I am trying to show
Consider $F\colon C[a,b] \rightarrow R$ ; $F(f)=f(t_0)$ where $a<t_0< b$ . Show that this linear functional is not continuous under $\|\cdot\|_1$ on C[a,b]
I have tried a proof that is apparently wrong and I would like help finding out where the flaw is. I try to show the functional is discontinuous by constructing a sequence of functions such that $f_n \rightarrow f$ under $ \|.\|_1$ but $F(f_n)\not\to F(f)$ where $f_n$ and $f$ are continuous on [a,b].
$f_n(x)= n(x-t_o)+1, \, x\in [-1/n +t_0,t_0]$
$f_n(x)= n(-x+t_o)+1, \, x\in [t_0,t_0 +1/n]$
$f_n(x)= 0$, otherwise
Then, $\|f_n-0\|_1=\|f_n\|_1=(2/n)\times 1/2=1/n \to 0$ as $n\to \infty$ So $f_n \to f$ under $\|.\|_1$, where $f=0$ on $[a,b]$.
However $F(f)=f(t_0)=0$ and $F(f_n)=f_n(t_0)=1 $ for all $n$. Thus $|F(f_n)-F(f)|=1$. Therefore $f_n \rightarrow f$ under $ \|.\|_1$ but $F(f_n)\not\to F(f)$.
Your proof is correct, and it is the natural idea to attack this problm.
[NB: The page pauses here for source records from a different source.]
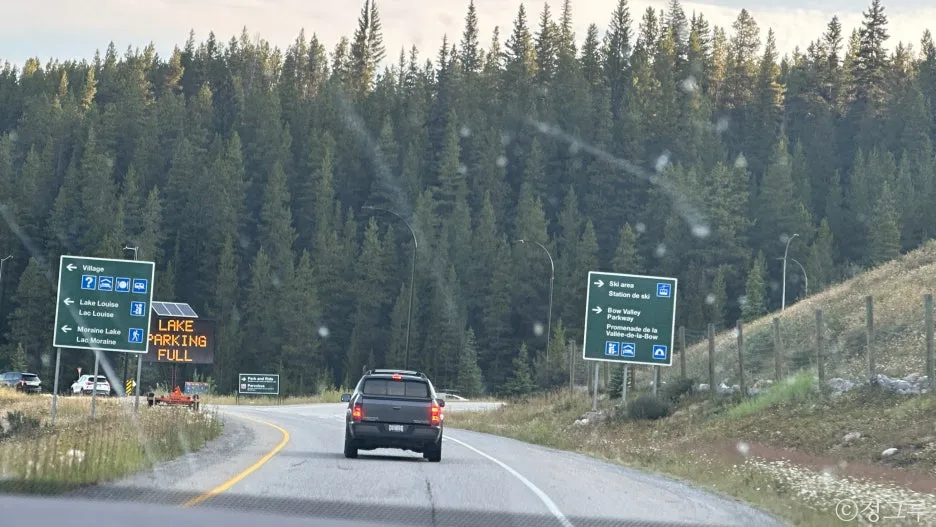 루이스 레이크 옆에 있는 아주 작은 주차장은 벌써부터 만석이라고 노란 전광판으로 안내하고 있었다.
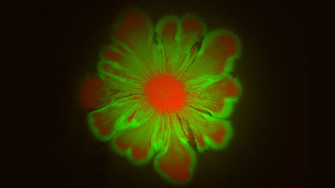 Different types of microbes growing in lab dishes can push each other to make floral patterns.
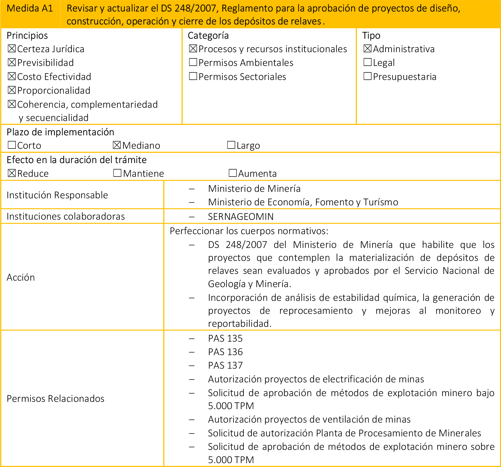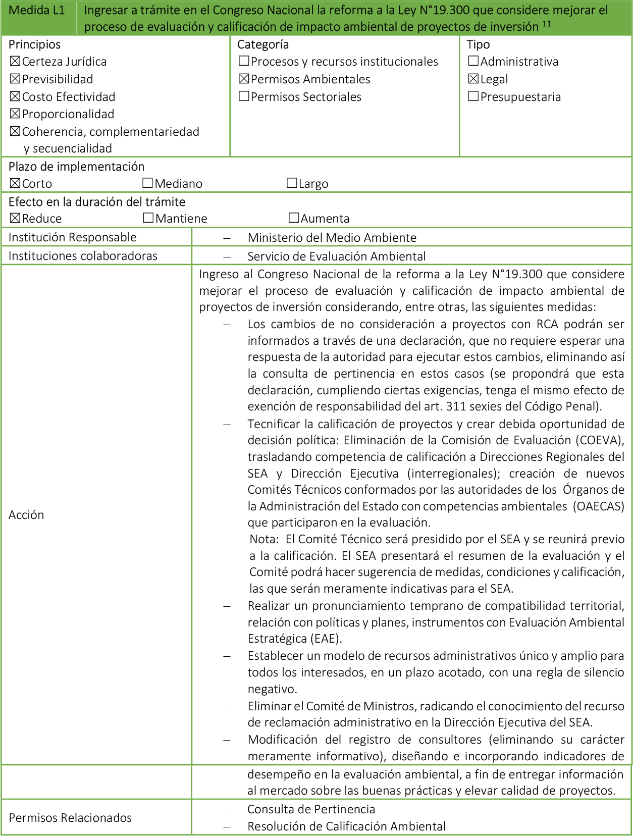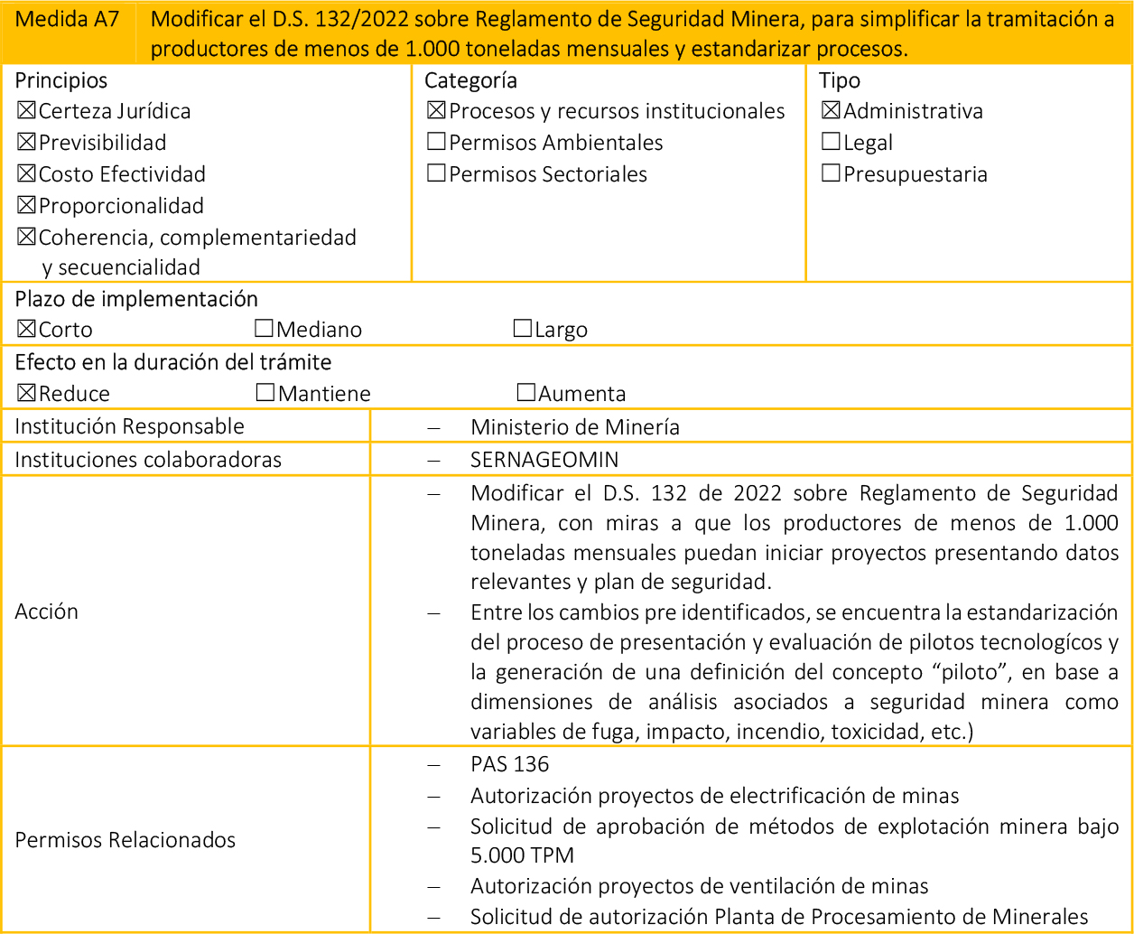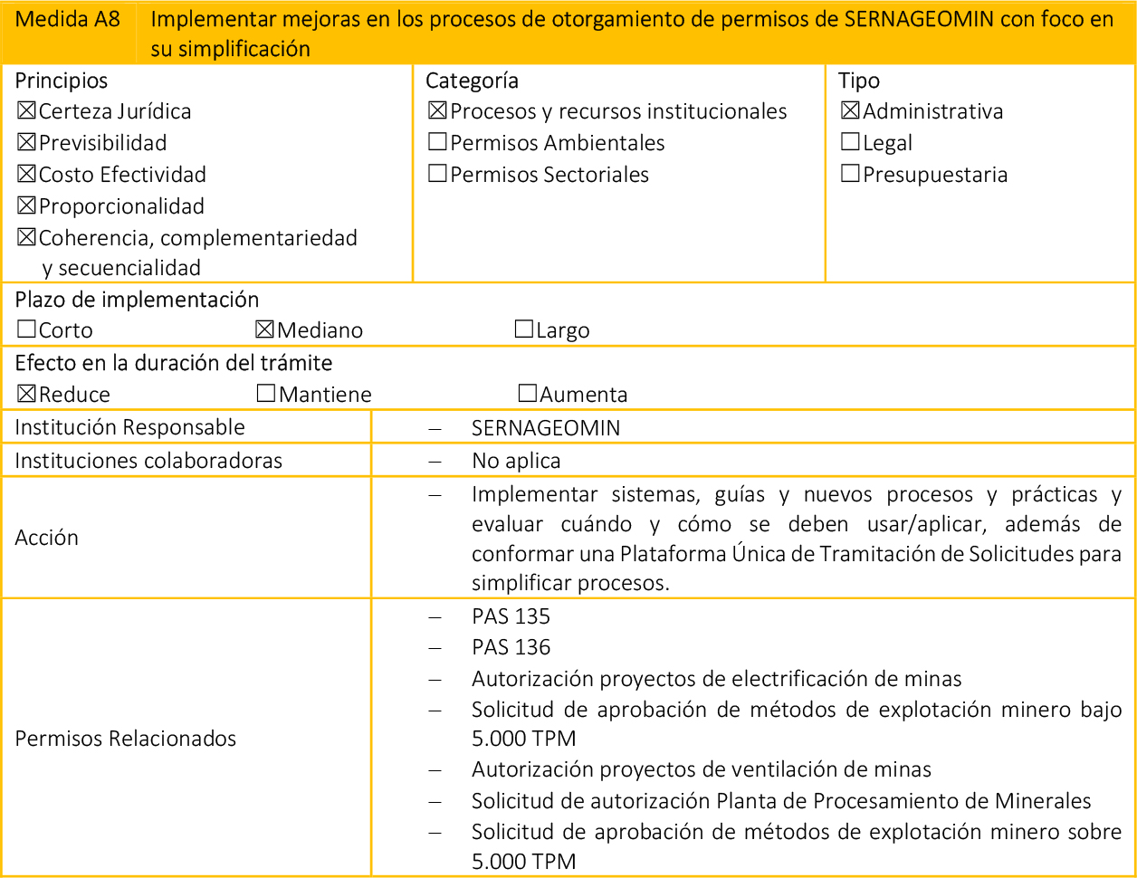 - Medidas Legales: Paquetes de modificaciones legales, que requieren su tramitación en el Congreso Nacional, además de que pueden impactar en otros cuerpos normativos.

One could criticize that you don't explicitly show that the $f_n$ are continuous, but that's a minor point that is saved with a sentence noting that the only points where there could be any doubt are $a,t_0, b$ and that in the three cases the side limits agree.